The scam is that there's nothing at the end of the road. You get these students that are borderline suicidal because they absolutely must outperform their peers, but it's all just ladder climbing and performance for performance's sake. That takes a toll on a person. And for what? Nobody under that kind of pressure is capable of learning anything.

Then they get to college or industry and they have to work with their peers, or apply creativity in some way, but they can't do either of these things because they're either burned out or preoccupied with scoring points in a game that nobody else in the room is playing--or at least that has been my experience with the people who made me aware that they went to private school: too focused on value to be useful in achieving outcomes. Incapable of making the best of a situation that they feel they're too good for.

Admittedly, there may be people around me who came from that background and I just don't know. It's not like I question people on it. But if that's a blindness I have it's not one I can introspect my way out of. You don't know what you don't know. All I have is these anecdotes about folks who are a sort of walking ad for whatever prestigious rigmarole they managed to survive. Eager to establish some kind of pecking order wherever they go and not invited places because of it despite being otherwise pretty cool.

I don't know if charter schools do the same thing to people, but they appear to be trying--and they've found a way to make the rest of us pay for it despite it being exactly the opposite of the what we're ostensibly paying those taxes for.

Does it really not feel like a scam to you?




I agree that pushing kids too hard to perform at a level that they're barely capable of is bad, and a lot of middle/upper-middle class parents seem to do that when it's totally unnecessary for them. I don't plan to pressure my own kids just for the sake of it.

That said, I was incredibly bored in school with a bunch of AP classes, and still didn't feel much pressure with a double major in math and engineering in university. Like I would skip my real analysis lectures sometimes because they felt like a waste of time (in retrospect I probably should've talked to my advisor to see if I could take the graduate version instead, but oh well). Some kids need a faster pace, and it's good to have somewhere for them to go. The trend seems to be if anything (particularly in certain major west coast cities) that public schools are opting out of being that place. Especially when it comes to non-AP classes, you'd might as well let those kids go home and play video games. They might actually learn more.

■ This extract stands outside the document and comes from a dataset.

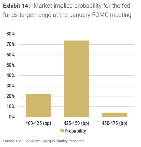 摩根士丹利此前指出,由于 11 月 CPI 报告中住房通胀的下降,市场对美联储在 1 月份降息的预期有所增加。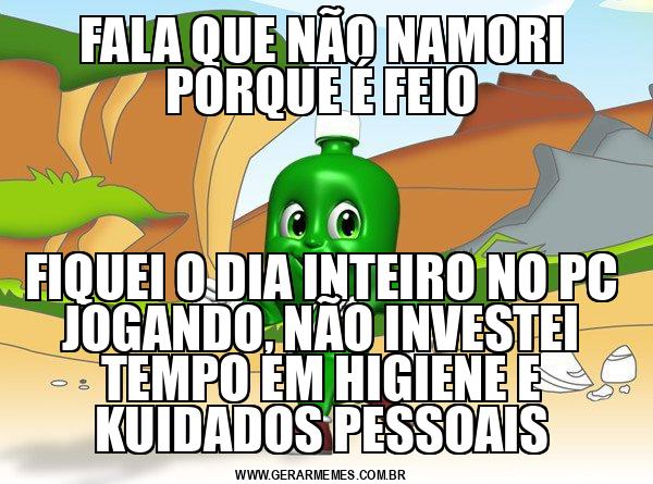 FALA QUE NÃO NAMORI PORQUE É FEIO FIQUEI O DIA INTEIRO NO PC JOGANDO, NÃO INVESTEI TEMPO EM HIGIENE E KUIDADOS PESSOAIS

We're in agreement about most of that. Except that I don't think that public schools are opting out so much as being forced out because charter schools are taking the funding and the easy students away and leaving them only with the difficult ones--many of whom also need a faster pace.

That was me. I wasn't bored in school because I occupied with other things like how to steal the projector (not that I needed one, but it was an adequately challenging target). It took some very patient and clever public school teachers to refocus that energy in an academic direction. The charter school solution would've been to make me someone else's problem.